Bennet probeerde ondertussen verder naar voren te komen. Eerst via de linkerkant, maar omdat dat niet lukte, probeerde hij het aan de rechterkant, waar hij Ciccone weer tegenkwam. "Ik dacht: 'Zeg het niet, zeg het niet'. Ik had het moeten laten gaan, maar ik vroeg hem: 'Even voor de zekerheid, mag ik hier wel fietsen van je?' Hij werd helemaal gek en begon me in het Italiaans uit te kafferen."
Daarmee was de kous nog niet af, want in aanloop naar de Sormano bleef het gebakkelei doorgaan. Bennett vertelt dat Ciccone naast het peloton reed, in het wiel van een ploeggenoot. "In plaats van door te rijden, begon Ciccone tegen me aan te duwen en tegen m'n stuur te beuken. Ik dacht: 'Fuck it', en duwde terug en zo waren we elkaar wat aan het duwen." Op dat moment greep Vincenzo Nibali, ploegmaat can Ciccone, in. "Nibali zat achter ons en reed ineens naar voren om me opzij te duwen. Dat was voor mij wel het moment om te stoppen."

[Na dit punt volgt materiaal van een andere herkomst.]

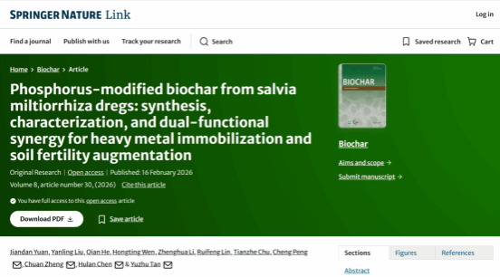 2026年2月16日,beat365官网药物资源发现及中药资源循环利用团队在《Biochar》(中科院一区,TOP期刊)上发表题为“Phosphorus-Modified Biochar from Salvia miltiorrhiza Dregs: Synthesis, Characterization, and Dual-Functional Synergy for Heavy Metal Immobilization and Soil Fertility Augmentation”的研究论文。beat365官网药学院硕士研究生袁建丹为第一作者,beat365官网谭玉柱教授、陈胡兰教授、郑川教授和彭成教授为共同通讯作者,beat365在线唯一官网为论文第一完成单位。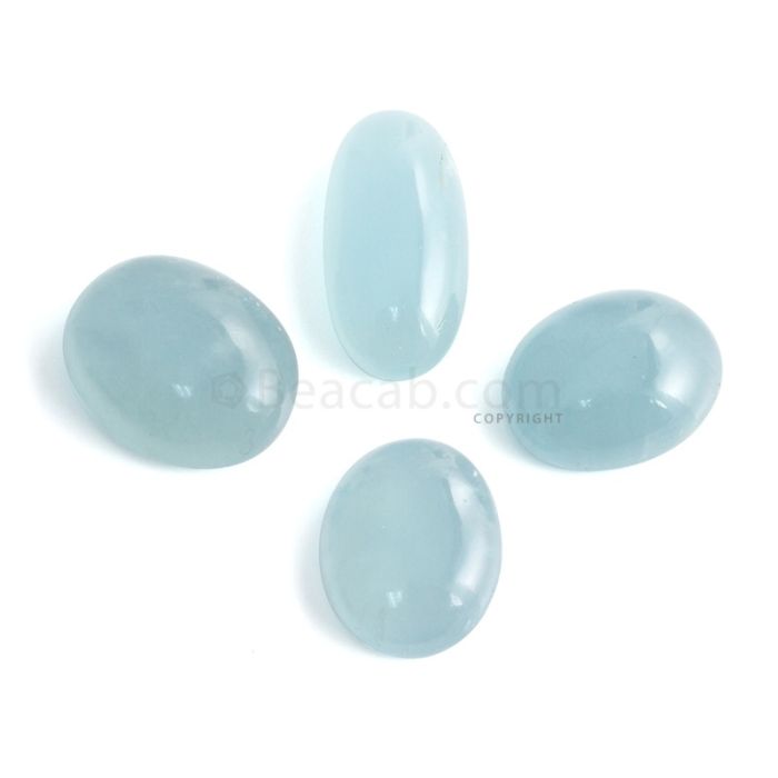 4 Pcs - 79.57 ct. -Medium Blue Aquamarine Oval Cabochon - 20 x 16.1 x 6.2 mm to 25.4 x 13.1 x 7.9 mm (AQCAB1084)

Volgens Bennett kon Ciccone het toen niet laten om een opmerking te maken richting hem. "Je gaat Nibali niet terugduwen, dat durf je niet", zei de Italiaan volgens de renner van Jumbo-Visma. "Is dat een uitdaging?", vervolgt Bennet zijn relaas. "Dus ik gaf Nibali een duwtje, maar toen dacht ik: 'Wat ben ik hier aan het doen? Dit is Nibali, hoeveel grote rondes heeft hij wel niet gewonnen?' Dit is zo'n verspilling van energie en Nibali is geen verkeerde vent en ik had geen ruzie met hem. Dus ik dacht, laat hen maar op kop rijden en we zien wel op de Sormano."
"Helaas zaten ze daar met drie man, maar uiteindelijk moesten ze allemaal lossen en liep het voor mij goed af", besluit Bennett.